La cultura y la historia de Cuba son resultado de mezclas sucesivas: la primera tuvo lugar en el choque demoledor entre la España posfeudal y los aborígenes aruacos que apenas salían de la comunidad primitiva; seguida por la fusión de la hornada inaugural de colonos castellanos, andaluces y extremeños, con los primeros mestizos y los africanos (múltiples etnias, generalmente del África Occidental) que tuvieron el escaso privilegio de inaugurar el traumático y tumultuoso trasvase al Caribe de barata mano de obra africana. Esos ingredientes de base se fueron completando con aportes catalanes, vascos, gallegos y canarios (dentro de una política de colonización de doblamiento a base de ciudadanos de la Metrópolis) y chinos, hebreos, haitianos, sirio-libaneses, yucatecos… que siguieron arribando en grupos más o menos numerosos, en forma simultánea, consecutiva o alterna, entre la segunda mitad del siglo xix y la primera del xx.

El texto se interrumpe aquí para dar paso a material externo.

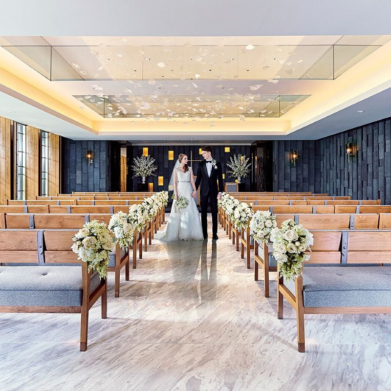 挙式スタイルは、壮麗な大聖堂をイメージさせるヨーロピアンチャペル、モダンクラシックなチャペル、そして日本で初めてホテル内に神殿を分祀した伝統の神殿式と、3つのスタイルから選択可能。どのスタイルを選んでも、ゲストが思わず息をのむ荘厳な空間が広がります。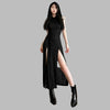 Lång Svart Rockklänning med Polokrage och Slitsar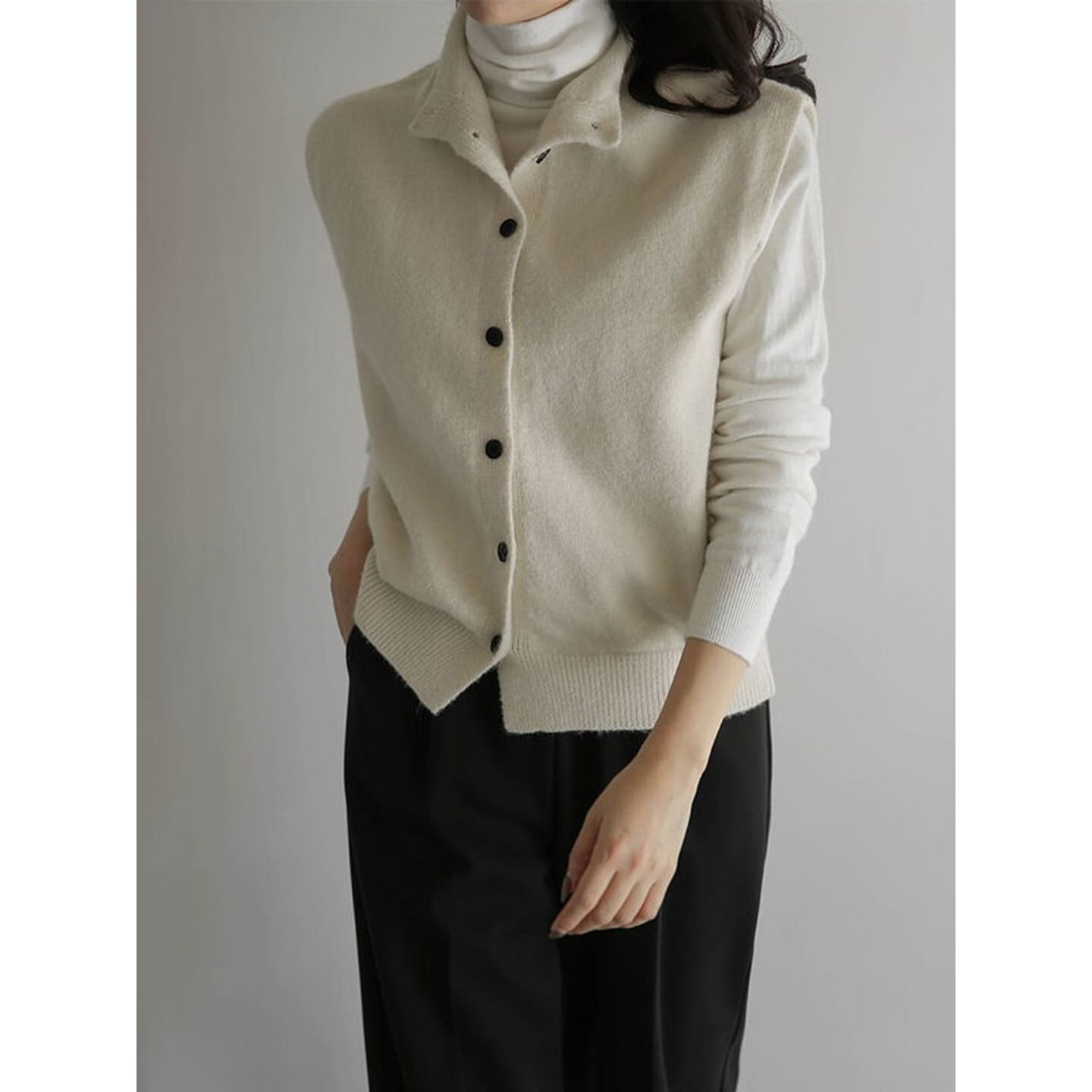 首元まであたたかいスタンドカラーが、きちんと感を演出。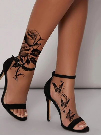临时纸质纹身贴纸,2 件黑色蝴蝶和玫瑰风格花卉防水临时纹身贴纸,适用于女性手臂、大腿和脚,多用途男女通用人体艺术假纹身,适合您的手臂、胸部、大腿、脚踝和腹部 - 易于粘贴和去除 - 黑色 - 查看 10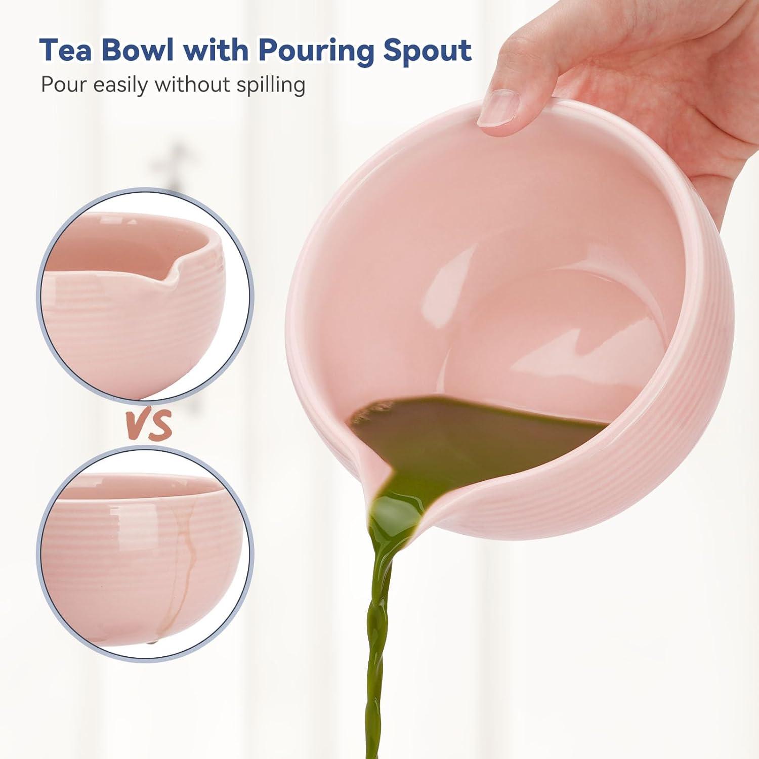 - Tea Bowl with Pouring Spout: The lead-free ceramic matcha bowl (520ml/18.3oz) is designed with a pouring spout that prevents tea spilling and lets you better share matcha with your family and friends (We also equip you with a 9.05" x 12.9" waterproof tea mat so you can keep your table clean while making matcha drink)

Las culturas que nos sirvieron de base, modelo o referencia, cuando no llegaron en el hatillo sudoroso del emigrante, fueron evidentemente la greco-latina, la judeo-cristiana, la francesa, la norteamericana y hasta, más reciente y superficialmente, la cultura soviética.

Los estudiosos de lo cubano definen como afrocubana la zona de nuestra cultura –música, danza y religión, sobre todo– en que el manantial africano mana caudaloso. En cambio, la parte de nuestros modos de ser, pensar y expresarnos artísticamente en que el componente ibérico es dominante, raramente se define como hispano-cubana (nótese el guión que relaciona frente al fusional neologismo afrocubano). Esta división metodológica da margen a la engañosa impresión de que podría existir una parte de la identidad cubana libre de aporte africano. Sin embargo, ¿cómo asegurar que en su temperamental interpretación de “Giselle”, Alicia Alonso no introduce algo del dramatismo africano? ¿Cómo afirmar que en el más rotundo guaguancó de Celeste Mendoza no hay marcas de la teatralidad gitano-andaluza? ¿Cómo pretender que la prosa barroca de Lezama no revela el gusto por el amontonamiento y la exageración de ciertas etnias africanas?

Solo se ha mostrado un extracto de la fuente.